▶ Exercise description
The lines to repeat are those below from the one containing "Christmas Sparkling Trees" down to the one containing "为保证现场会的顺利召开,更好", both included; reproduce them exactly and nothing else.

▶ The data
<<<<

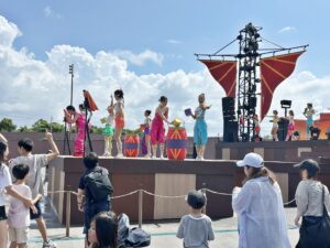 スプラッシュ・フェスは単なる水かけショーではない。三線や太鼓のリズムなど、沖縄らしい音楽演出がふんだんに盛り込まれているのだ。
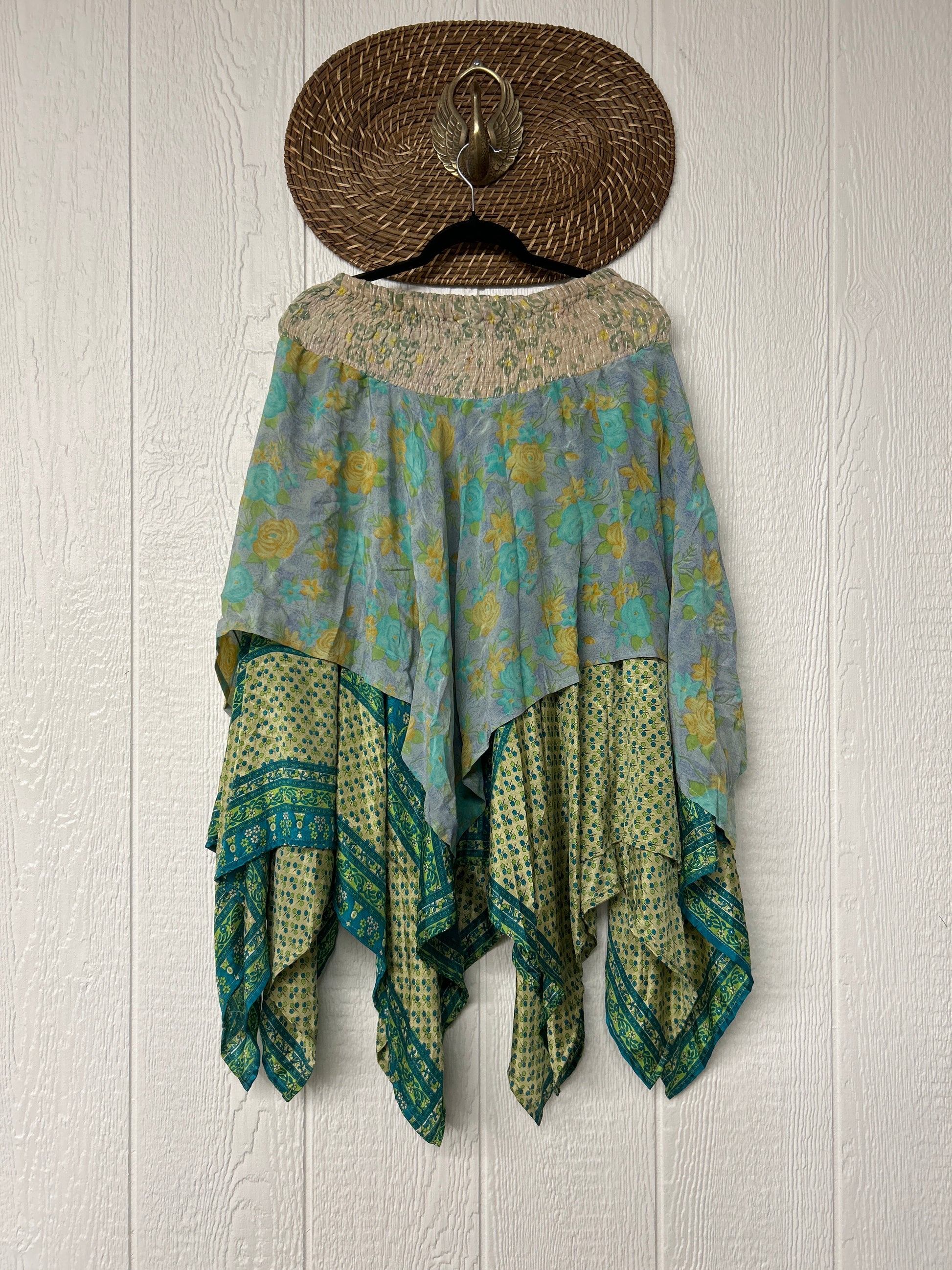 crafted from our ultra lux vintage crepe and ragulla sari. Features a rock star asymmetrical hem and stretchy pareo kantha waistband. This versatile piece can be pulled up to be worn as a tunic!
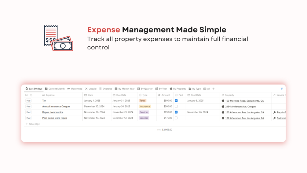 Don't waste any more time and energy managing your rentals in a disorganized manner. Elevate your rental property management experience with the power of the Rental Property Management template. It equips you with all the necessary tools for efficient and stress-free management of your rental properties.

>>>>
<<<<

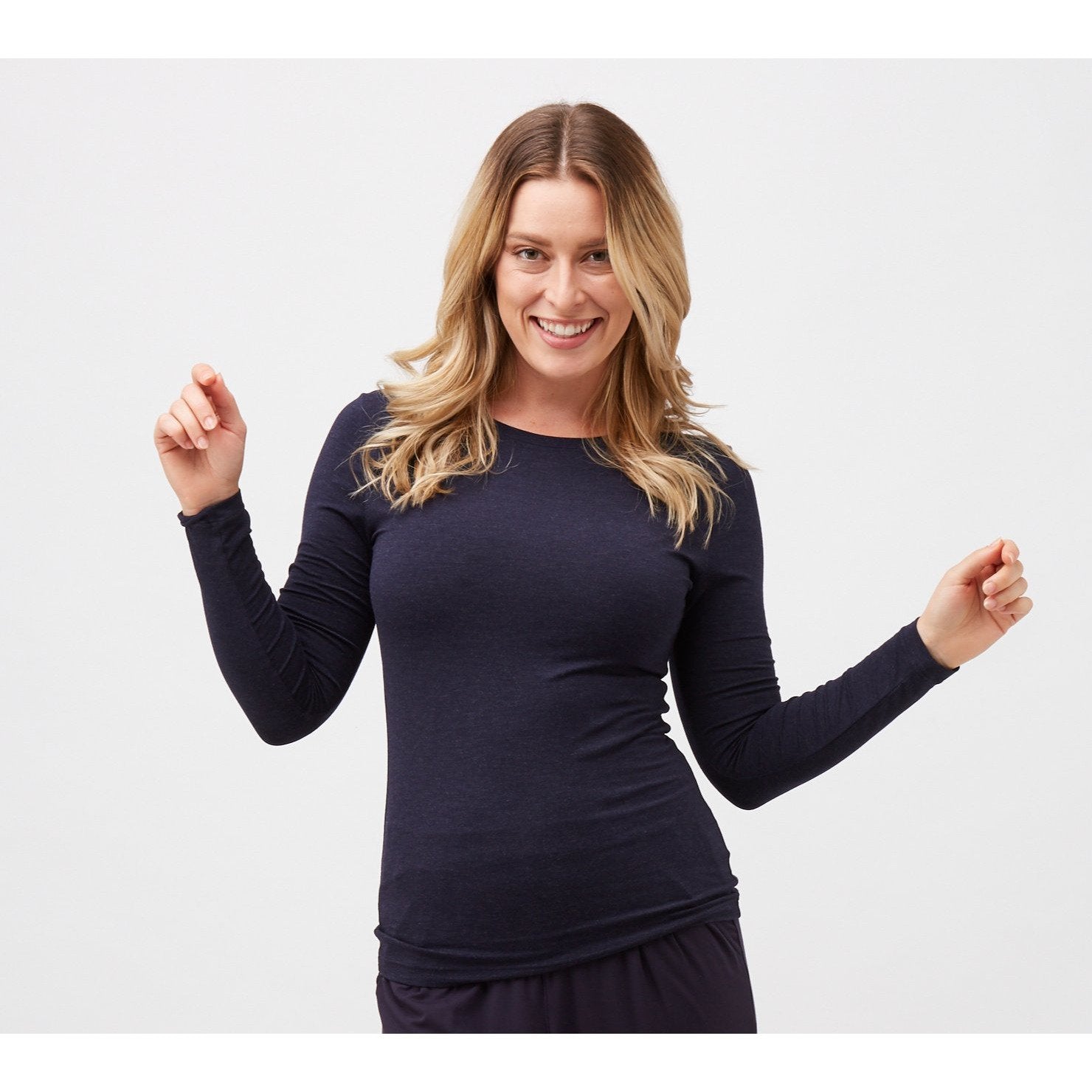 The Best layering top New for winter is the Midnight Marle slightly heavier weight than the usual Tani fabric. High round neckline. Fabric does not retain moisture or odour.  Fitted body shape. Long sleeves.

>>>>
<<<<

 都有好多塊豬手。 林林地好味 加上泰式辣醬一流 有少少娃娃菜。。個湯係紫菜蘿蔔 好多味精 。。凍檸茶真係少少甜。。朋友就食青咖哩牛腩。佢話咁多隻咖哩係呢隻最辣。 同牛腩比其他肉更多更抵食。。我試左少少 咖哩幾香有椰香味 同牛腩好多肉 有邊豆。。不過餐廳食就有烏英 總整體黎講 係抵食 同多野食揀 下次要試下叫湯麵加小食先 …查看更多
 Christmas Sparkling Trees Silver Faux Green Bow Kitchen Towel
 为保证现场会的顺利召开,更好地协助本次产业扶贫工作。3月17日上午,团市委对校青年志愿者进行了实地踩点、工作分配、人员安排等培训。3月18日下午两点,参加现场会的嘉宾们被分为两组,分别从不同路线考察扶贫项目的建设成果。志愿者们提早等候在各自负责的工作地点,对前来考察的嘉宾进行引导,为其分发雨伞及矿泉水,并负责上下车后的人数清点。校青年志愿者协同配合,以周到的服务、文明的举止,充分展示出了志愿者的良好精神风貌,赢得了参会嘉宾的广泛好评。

>>>>

▶ Response for this exercise
 Christmas Sparkling Trees Silver Faux Green Bow Kitchen Towel
 为保证现场会的顺利召开,更好地协助本次产业扶贫工作。3月17日上午,团市委对校青年志愿者进行了实地踩点、工作分配、人员安排等培训。3月18日下午两点,参加现场会的嘉宾们被分为两组,分别从不同路线考察扶贫项目的建设成果。志愿者们提早等候在各自负责的工作地点,对前来考察的嘉宾进行引导,为其分发雨伞及矿泉水,并负责上下车后的人数清点。校青年志愿者协同配合,以周到的服务、文明的举止,充分展示出了志愿者的良好精神风貌,赢得了参会嘉宾的广泛好评。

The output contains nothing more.